Der entscheidende Zusatz lautet: Politisch berechtigte Bürger waren nur ein Teil der Bevölkerung. Deshalb müssen wir zwei Fragen stellen: Wie funktionierte die Beteiligung – und wer blieb ausgeschlossen?
Zeitlicher Rahmen: Hier geht es vor allem um die Demokratie Athens im 5. Jahrhundert v. Chr. Regeln und Verfahren änderten sich. Die Seite bildet keinen unveränderten Zustand der gesamten Antike ab.
Lernschritt 2
Auch ärmere Bürger waren für die Flotte als Ruderer wichtig. Solche Leistungen konnten Forderungen nach Beteiligung stärken. Trotzdem war die Demokratie keine automatische Folge eines einzelnen Sieges und auch nicht das Werk nur eines berühmten Mannes.

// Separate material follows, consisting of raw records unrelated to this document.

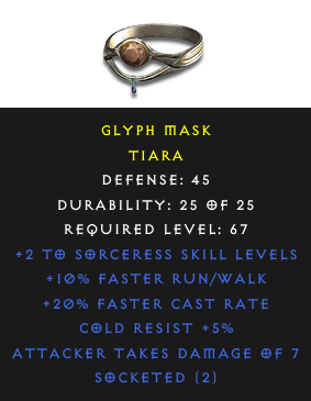 Required Level: 67+2 to Sorceress Skill LevelsDefense: 45+20% Faster Cast Rate+10% Faster Run/WalkSocketed (2)Cold Resist +5%Attacker Takes Damage of 7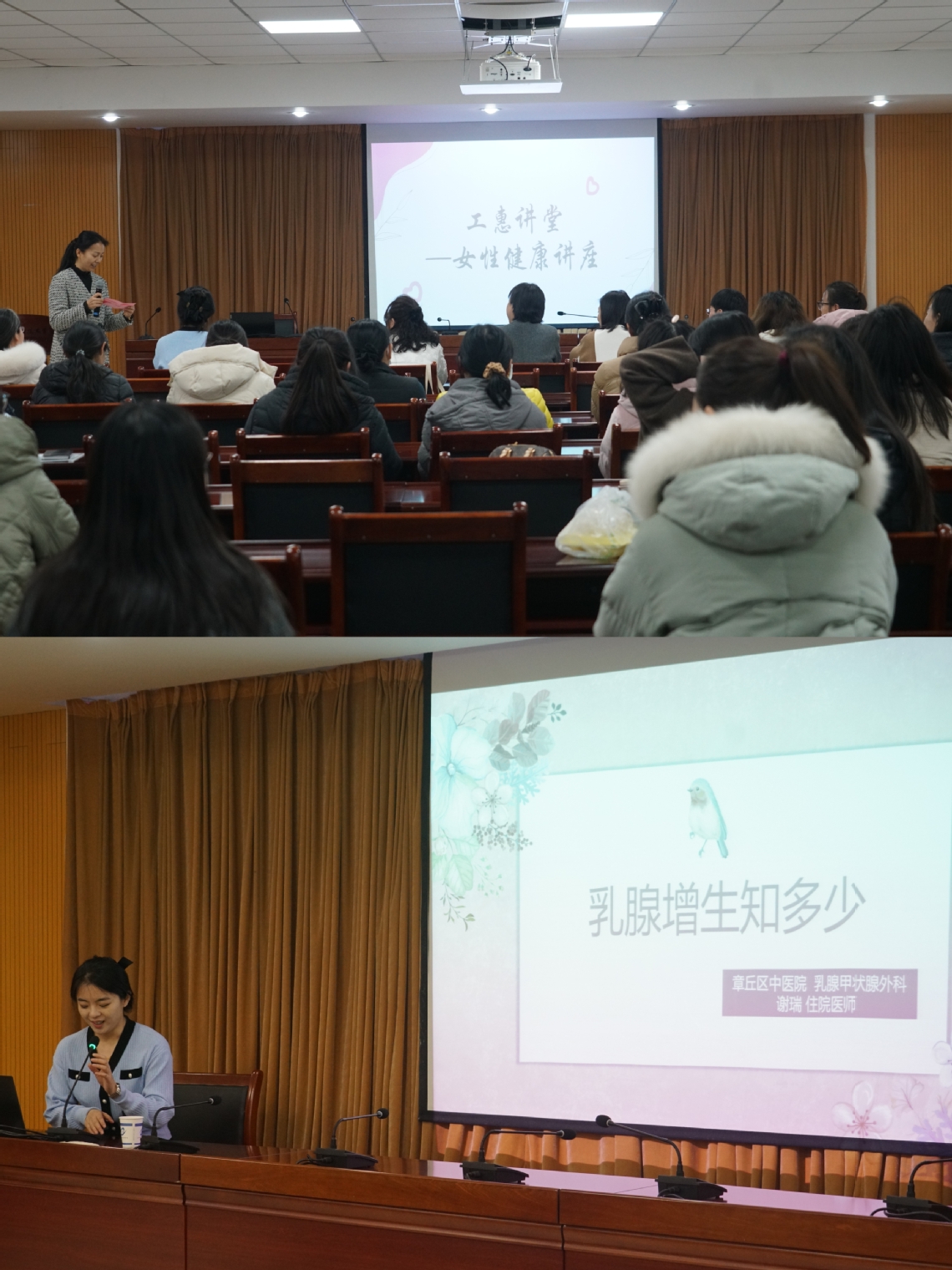 3月5日,值第114个“三八”国际妇女节来临之际,为增强女性保健意识,普及女性健康科学知识,章丘区中医医院妇委会与我校工会、妇委会联合举办了“关爱妇女发展 护佑女性健康”系列讲座,章丘区中医医院纪委书记王祥生、妇委会主任李莉、我校纪委书记柏一星出席了活动,女职工委员会、妇委会全体人员及女教职工代表80余人聆听了讲座。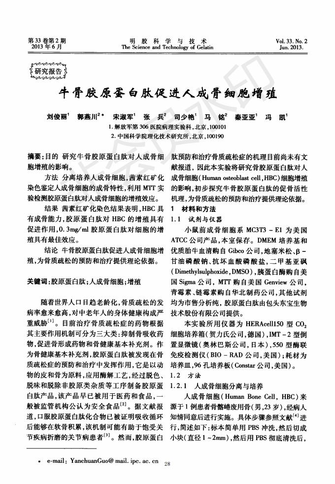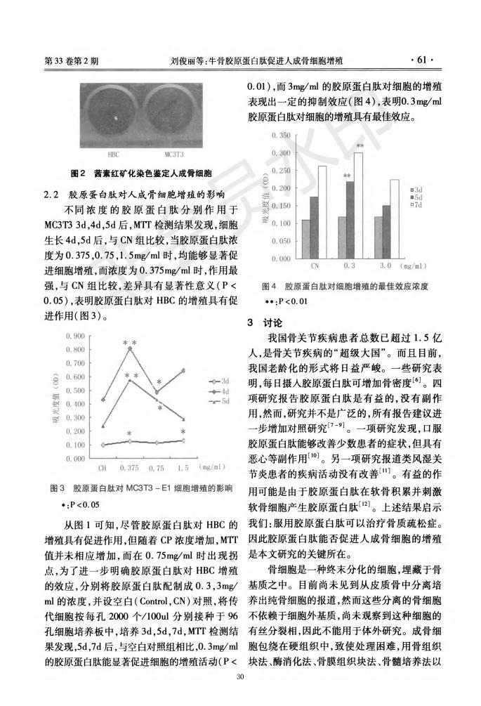 Bovine collagen peptide promotes the growth of human osteoblasts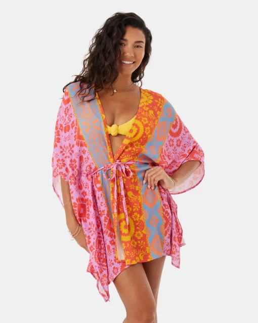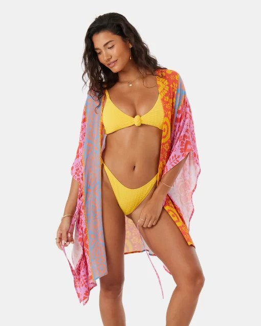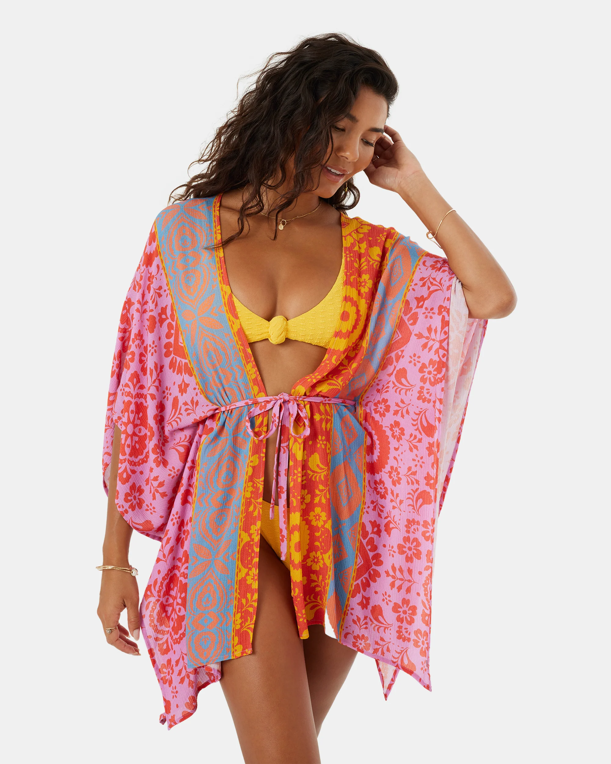 Embrace effortless style with Roxy's Wanderer Cover Up Kimono. Featuring a flowing, relaxed fit and lightweight fabric, this kimono adds a touch of boho-chic to your beach look. Perfect for throwing over your swimsuit or layering for a breezy, sun-soaked day, it offers comfort and style wherever your adventures take you.

Nein. Perikles war ein einflussreicher Politiker und wiederholt gewählter Stratege. Sein Ansehen ersetzte nicht die Institutionen der Polis. Er musste Unterstützung gewinnen; er war kein erblicher Monarch.
Lernschritt 3

An der Volksversammlung konnten grundsätzlich erwachsene männliche Bürger teilnehmen. Bürgerrecht war ein besonderer rechtlicher Status. Einfach in Athen zu wohnen, dort zu arbeiten oder Steuern zu zahlen reichte dafür nicht aus.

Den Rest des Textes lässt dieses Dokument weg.